Let’s not dance around this. Urban Meyer wasn’t burned out, and that leaves us with two undeniable facts: Meyer has health problems, and Meyer walked away from a program with every imaginable advantage of winning when the going got tough.
How else can we look at it?
That means Ohio State has thrown millions at a coach who could be forced to walk away at any moment because of health issues. And that the Buckeyes are regrouping after one of the greatest runs in school history by gambling on a man who may or may not be completely invested.
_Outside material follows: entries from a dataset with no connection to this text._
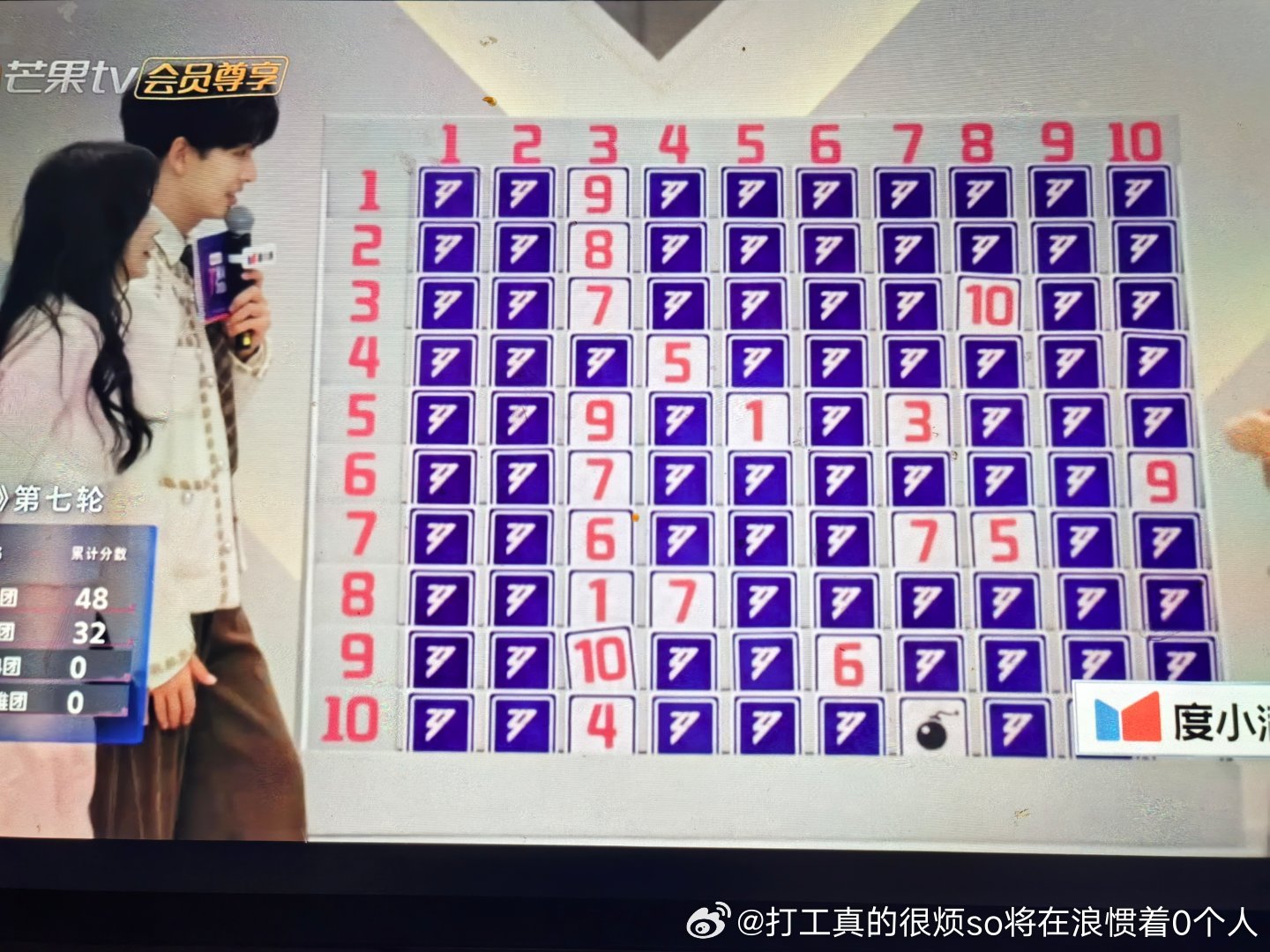 不是直播太影响乐子了好多人都不带脑子萧蔷可着一列抽,抽到倒数3张两张了都没现炸弹还抽,33%、50%的概率都没炸还一列基本都是大牌最后一行两个💣所以没炸弹了她们都好久不抽
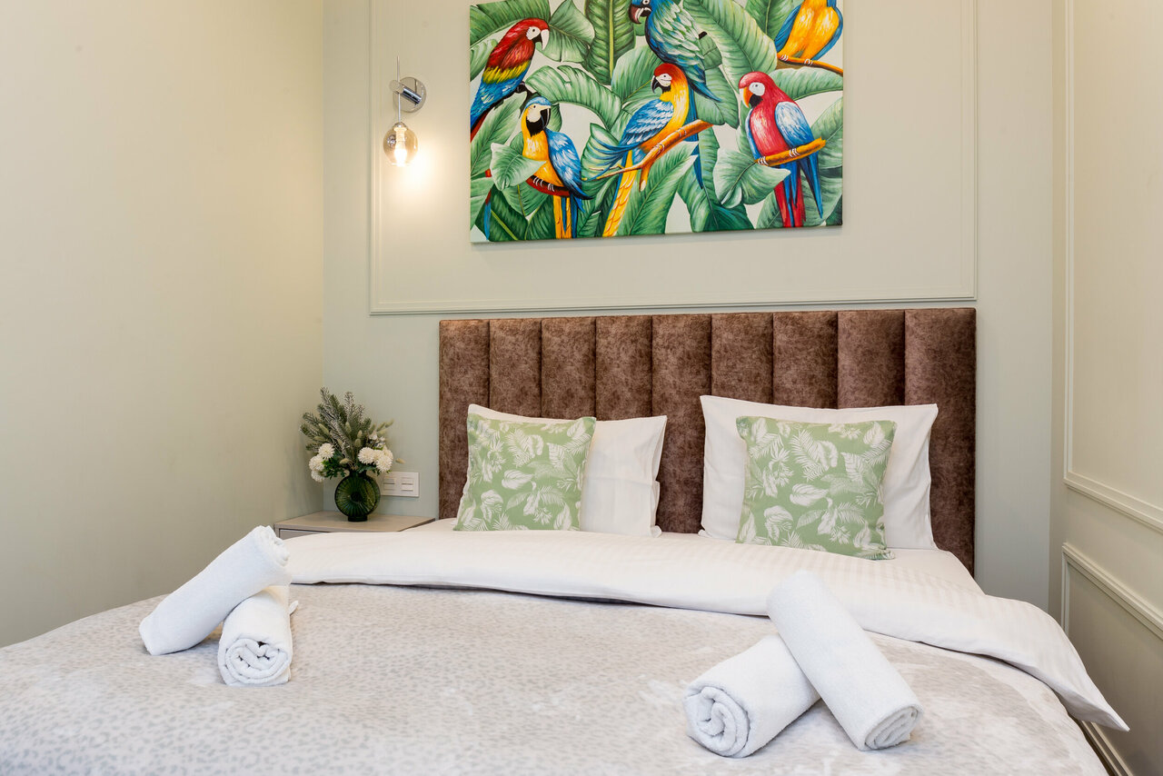 Невероятно уютный апартамент создаст для Вас летнее настроение и уют! Спешите сделать бронирование лета! Идеально также подойдет и для семей с детками, т.к. в апартаменте помимо большой двуспальной кровати также имеется двуспальный раскладной дива...
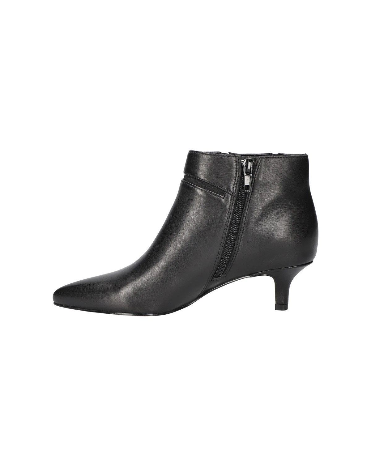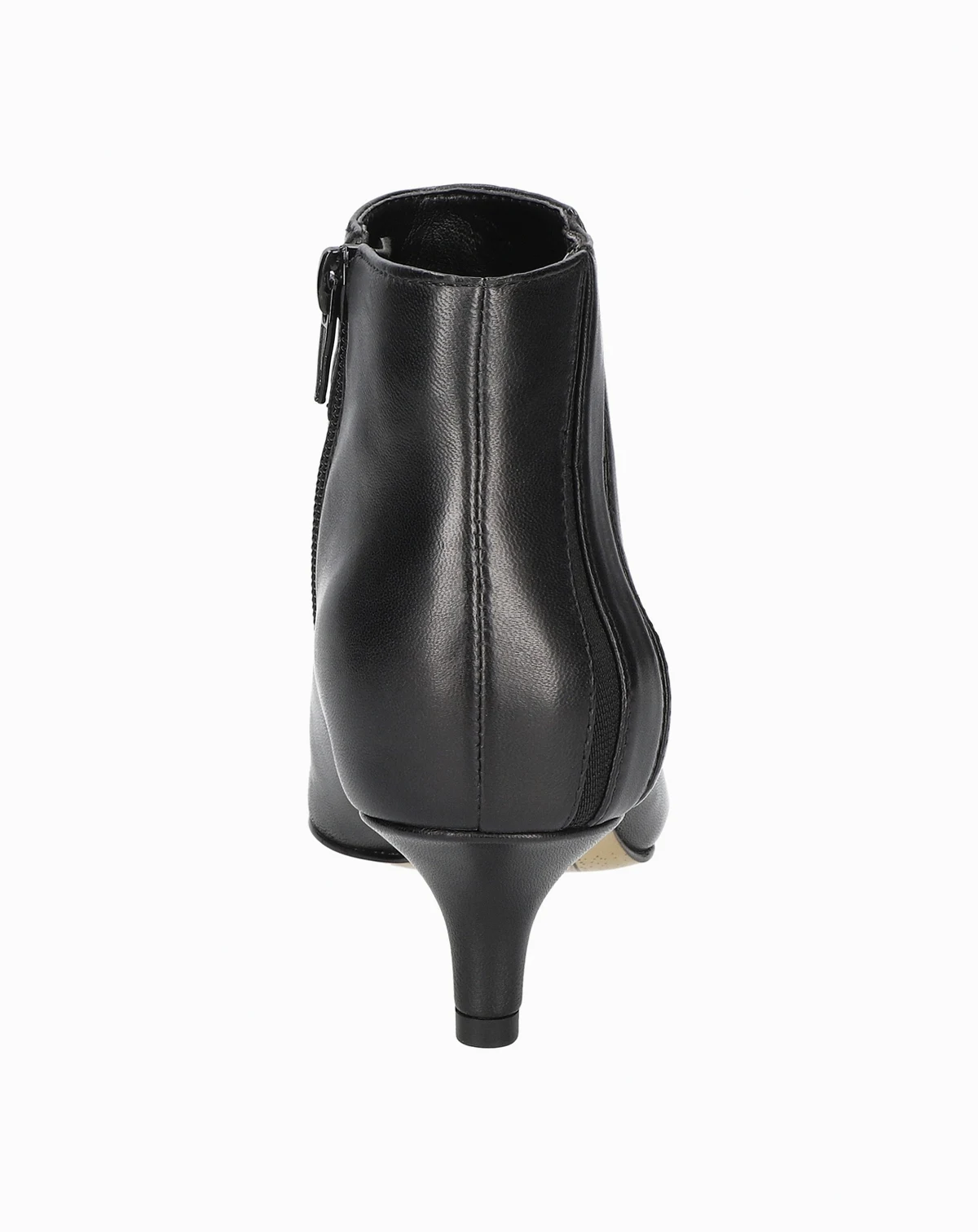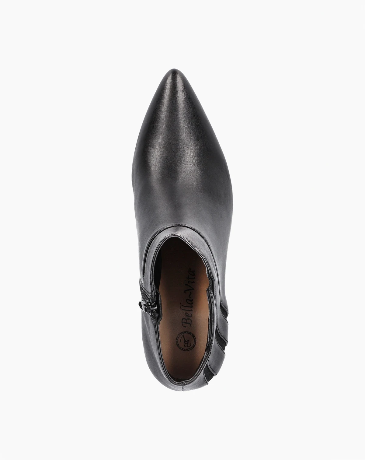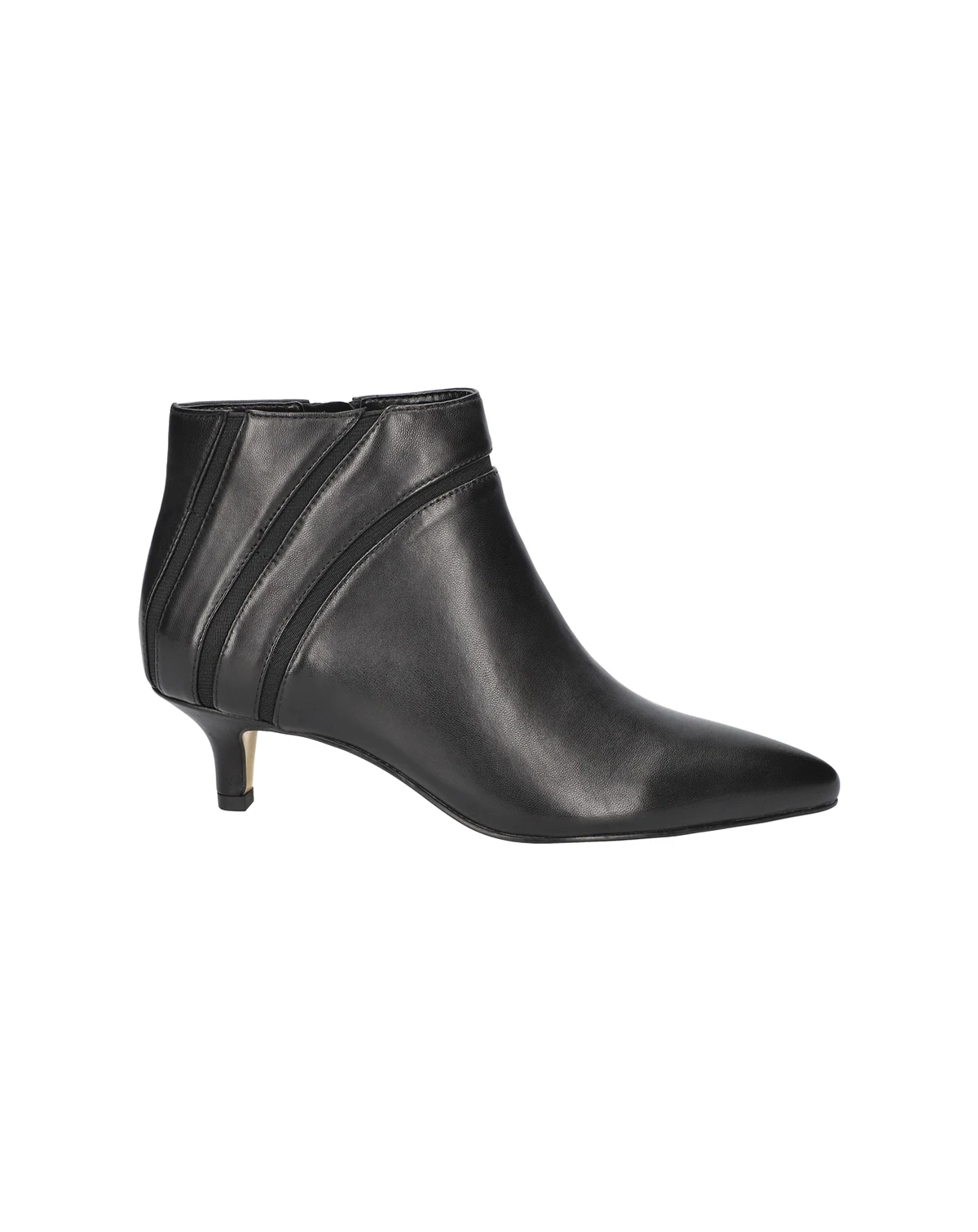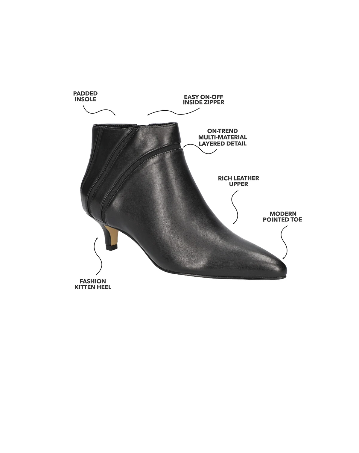 Find the perfect balance of simplicity and sophistication with the Faraday by Bella Vita contemporary leather dress shootie. Its pointed-toe design radiates timeless elegance, while the on-trend kitten heel brings a modern touch that is both practical and stylish. The padded insole provides added comfort, and the inside zipper offers an easy on/off. Elevate any dress outfit effortlessly with this boot.
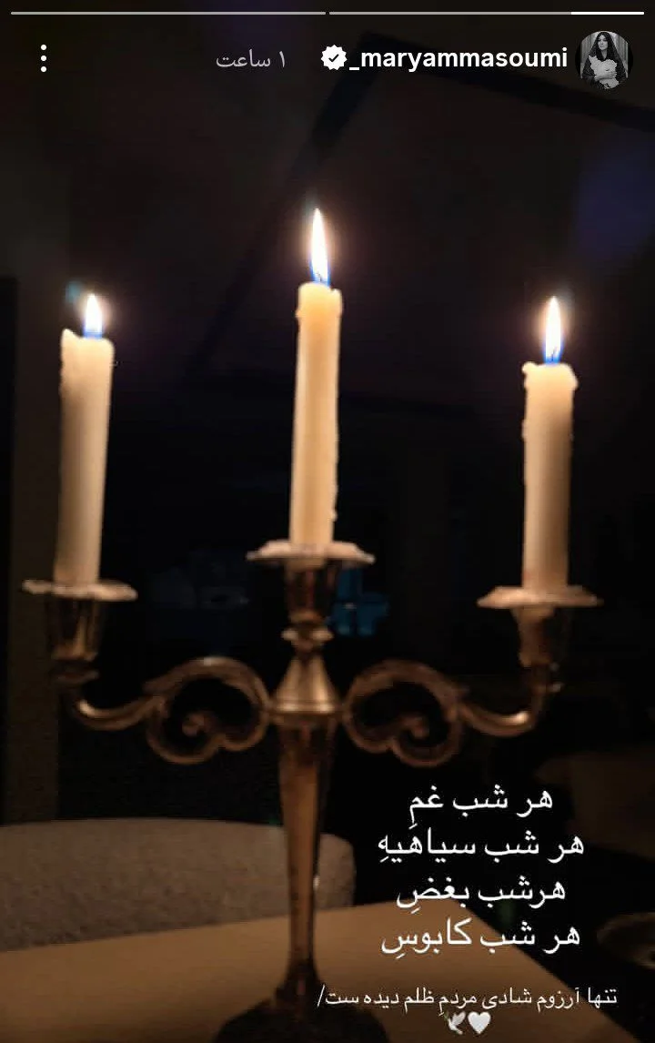 استوری غمانگیز مریم معصومی را در ادامه ببینید.
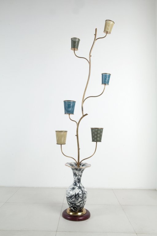 UNA FIORIERA A PIANTANA, anni '50. Ceramica decorata, ottone, lamierino...
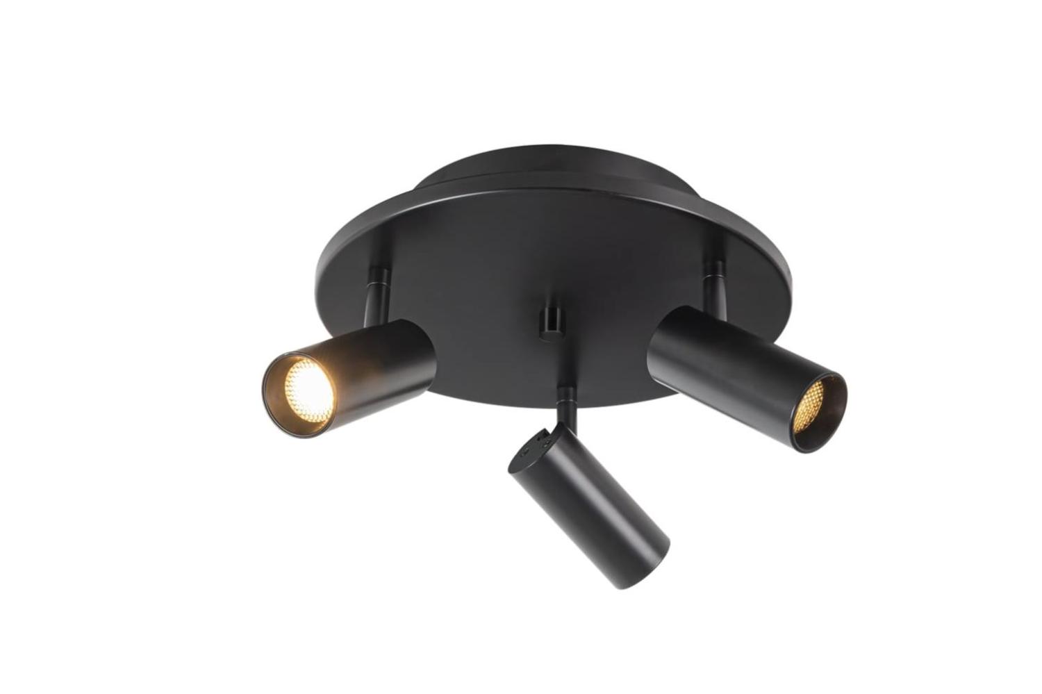 Takspotlight Concord från Aneta Lighting har en rund design i mattlackerad svart metall som passar perfekt i de flesta hem. Den har tre justerbara lamphuvuden med utbytbara LED-ljuskällor och inbyggda bländskyddsraster, som ger ett behagligt, riktat ljus utan att blända. Lampan avger ett varmvitt sken och är dimbar för att kunna anpassas efter stämning och behov. Bländskyddsrastrena kan tas bort om du vill ha ännu mer ljus. LED-ljuskällor med en maxeffekt på 3x7W ingår.
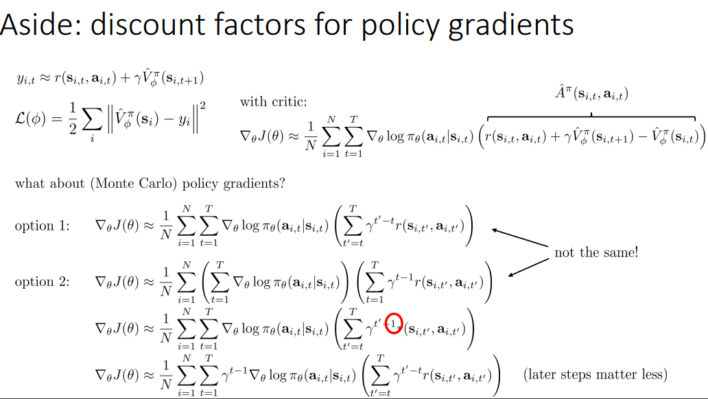 Actor-critic에 적용된 discount factor와 같은 것은 option 1이다.
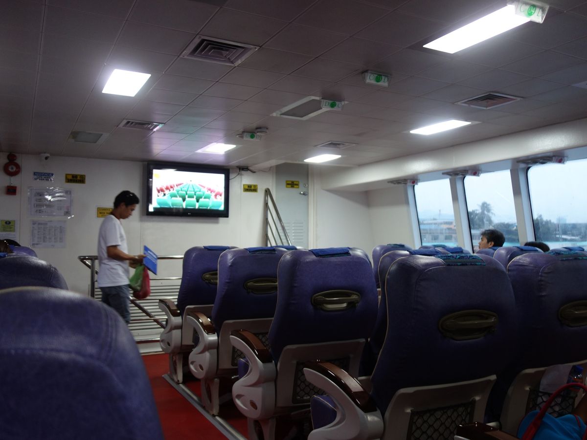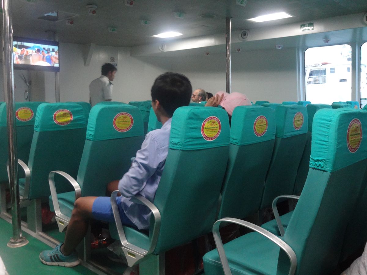 港から高速船で2時間ほど。船内はクーラーガンガンでパーカーや長袖がないと辛いかもしれません。船内では行き帰りともに映画のDVDをながしてます。船外デッキなんかはなく、本当に移動のみの時間なので暇を潰せる準備を。

Meyer is an Ohio native, a former Buckeyes assistant and a man who reveres everything Woody and three yards and a cloud of dust. He’ll tell whoever wants to hear that this is his dream job; that he simply couldn’t walk away from the game.
Let me be brutally honest one last time: Meyer told a Miami radio station a few years ago that Notre Dame has always been his dream job. And he has walked away from the game twice.
This is the same coach who months before the 2011 season began was telling his former assistants that Penn State was the job he coveted—if JoePa were to leave. Once that job became radioactive, the backup plan fell into place.
Urban Meyer is a football coach, which means Urban Meyer has an ego. All coaches do. That’s why Meyer is coaching again.
Not dream jobs, not a native Ohioan returning home, not the draw of competing in the new Big Ten with its SEC-style championship game.
It’s pure ego.
Think again about the Meyer hire, Ohio State. The coach you think you’re getting is long gone.